Во дворе появилась мачеха, взглянуть, что делает дочка, и Джозеф поспешно пригнулся, а минут через пять едва не выдал своего присутствия: Мэри вдруг заплакала, он чуть не бросился к ней, но Мэри перестала плакать так же беспричинно, как начала. Из одной трубы над крышей тянулся легкий дымок, вдали тарахтел трактор — редкость в этих местах, на озере кричали цапли, прокаркала ворона, но сильнее всего слышалось ему собственное дыхание, толчками колебавшее тишину.

Прозвенел школьный звонок, вот они все четверо бегут через поле, родные только по отцу, но он не мог бы сильнее любить их. Родные и по матери давно разлетелись: Алиса и Сара замужем, Гарри погиб в самом конце войны, ну а Мэй живет в прислугах. Первым бежит Фрэнк. С рождества он уже не будет ходить в школу. Домой он спешит, чтобы скорее сделать работу, порученную отцом. За ним, заметно отстав, бежит Доналд, он лет на пять младше Фрэнка и во всем ему подражает, скоро обязанности Фрэнка по дому перейдут к нему. А вот и Энн с Робертом, первоклассники; медленно одолели перелаз и трусят к дому с усталым видом: ни дать ни взять крестьяне, только вдвое уменьшенные, тянутся домой с полевых работ. Джозеф проводил их взглядом до самого дома, взял с земли чемодан и пошел следом. Чай уже накрыт, так что с первой, минуты дома он займет за столом свое место.

Мачехе он привез коробку душистого мыла, отцу (тот вернется часа через три) — двадцать пачек сигарет «Голдслейк», Фрэнку и Доналду — перочинные ножи со множеством предметов, Энн и Роберту — игры в ярких картонных коробках, а Мэри — куклу-моргунью, которая еще и плачет, если положишь на спину. Отдавая подарки (все вместе стоило больше двух фунтов, четыре месяца строжайшей экономии), он чувствовал, что его буквально распирает от гордости: дескать, гляньте, какой я добрый, какой молодец. И он немедленно заговорил на другую тему и даже отвернулся от подарков, разложенных на столе, боясь, что случайный взгляд в их сторону вызовет новый поток благодарностей.

— А что собирается делать Фрэнк? — спросил он.

И он и мачеха повели беседу так, будто Фрэнка в комнате не было, и сам Фрэнк делал отсутствующий вид.

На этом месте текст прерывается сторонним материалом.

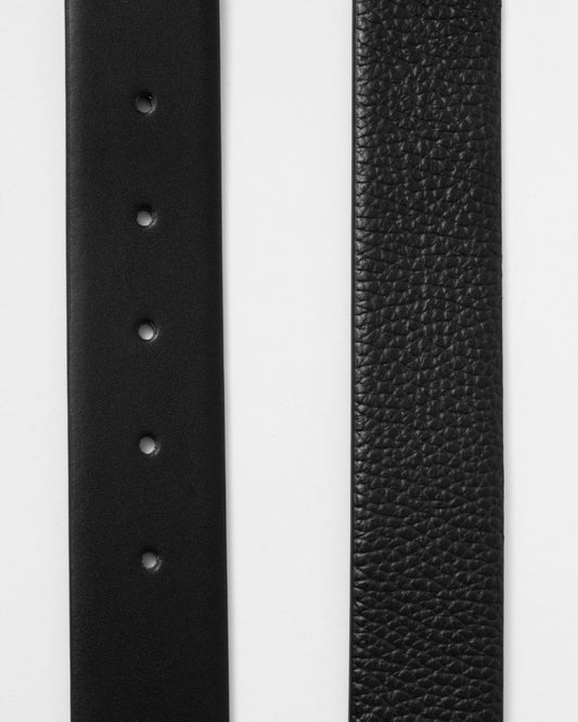 Gellot Mens Grained-Leather Belt with Logo Engraved Buckle - Black 001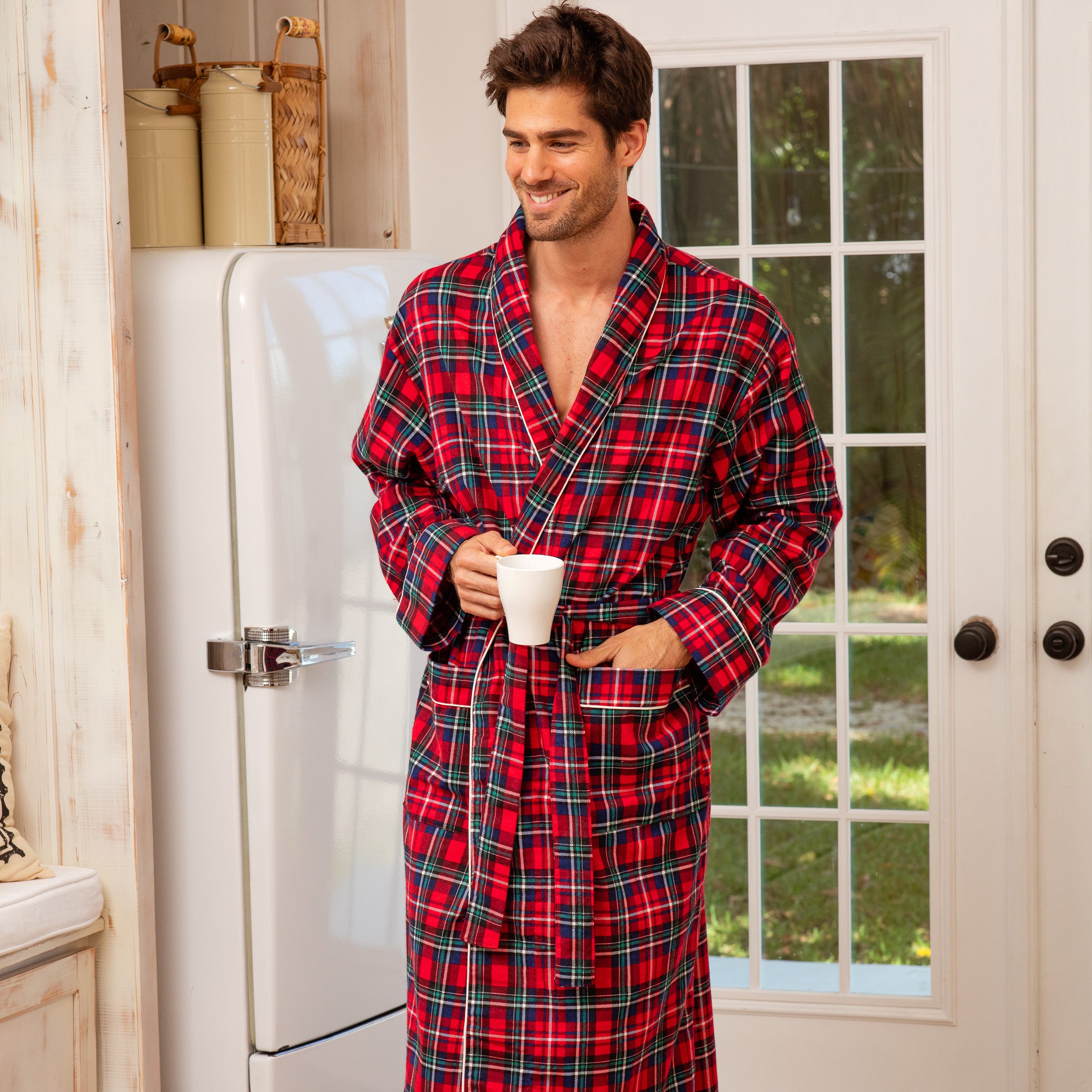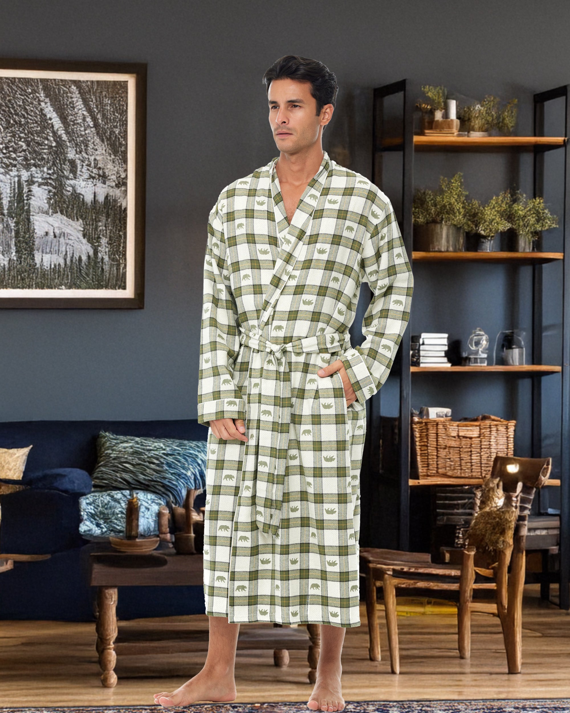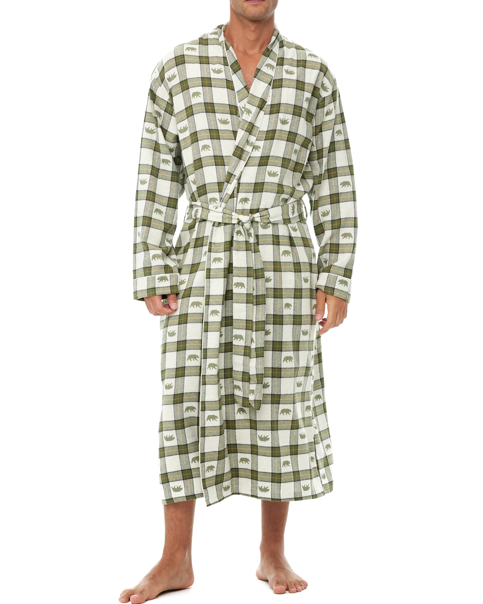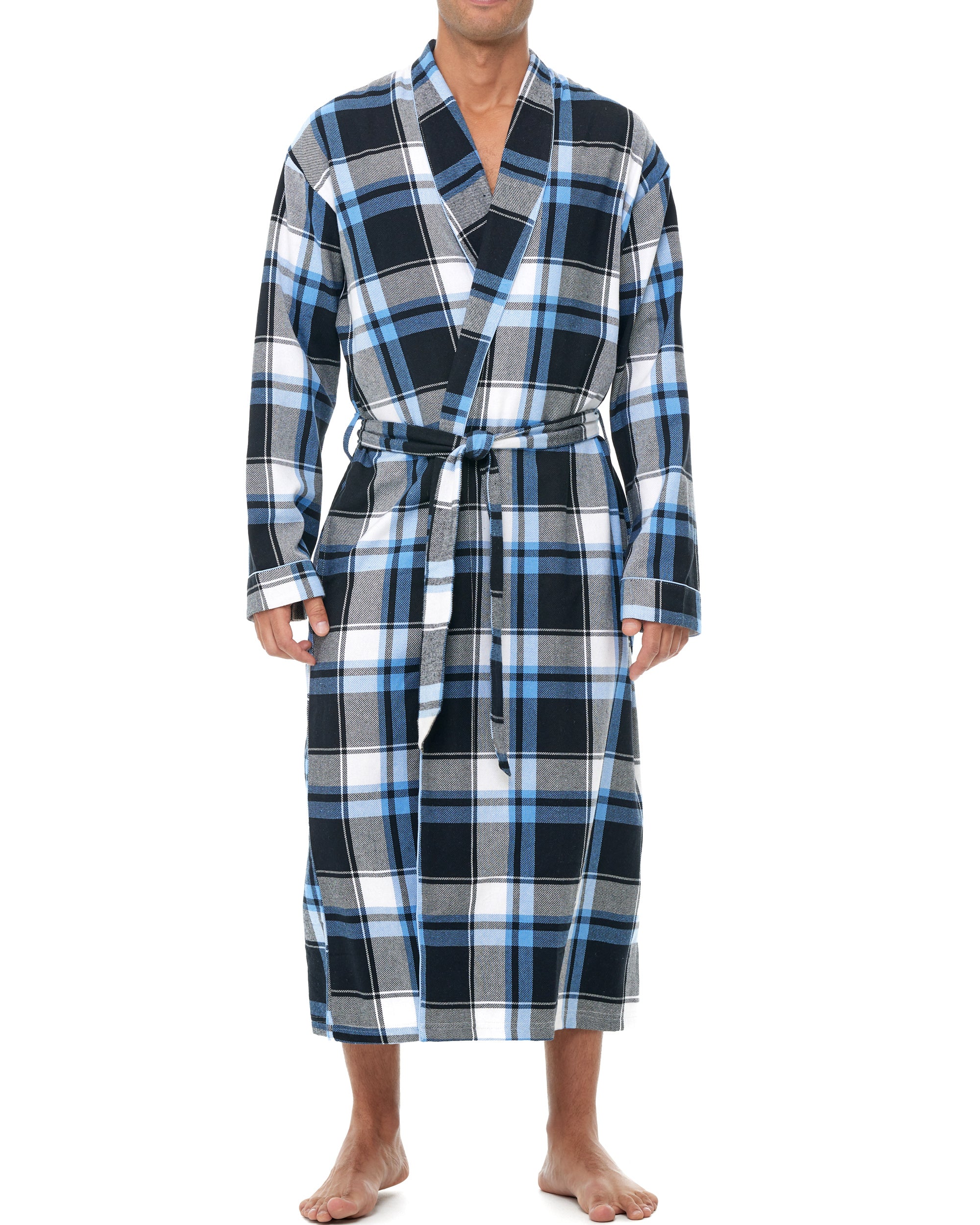 Men's Classic Cotton Flannel Robe with Pockets, Winter Bathrobe

— Твой отец хочет, чтобы он остался на земле.

— Понятное дело.

— А я бы хотела, чтобы Фрэнк дальше учился, — сказала Эрвил и кивнула Джозефу, как бы напоминая ему, что совсем недавно и о нем велся точно такой разговор. — Но это невозможно, — прибавила она тут же, — Фрэнк не выдержал экзаменов в старшие классы, не то что ты. Он мог бы, правда, поехать в Уоркингтон. Твой дядя Сет писал, пусть Фрэнк живет у него. Но все дело в том, — она немного помолчала, — что у нас с деньгами туго. И стыдиться тут нечего. Отец перешел на конюшню и стал получать гораздо меньше. Это я настояла. Он бы угробил себя в поле. Совсем себя не щадит, того и гляди свалится. Мы ничего тебе не писали, зачем зря волновать. Все из-за того обвала в шахте. Дело куда серьезнее, чем ему видится. Доктор сказал: будет щадить себя, до ста доживет, если же нет… — она прервала себя и, улыбнувшись, кончила уже другим тоном: — А я сегодня яблочный пирог испекла, как знала, что ты приедешь. Он еще на кухне. Доналд, поди принеси, только смотри не ковыряй по дороге.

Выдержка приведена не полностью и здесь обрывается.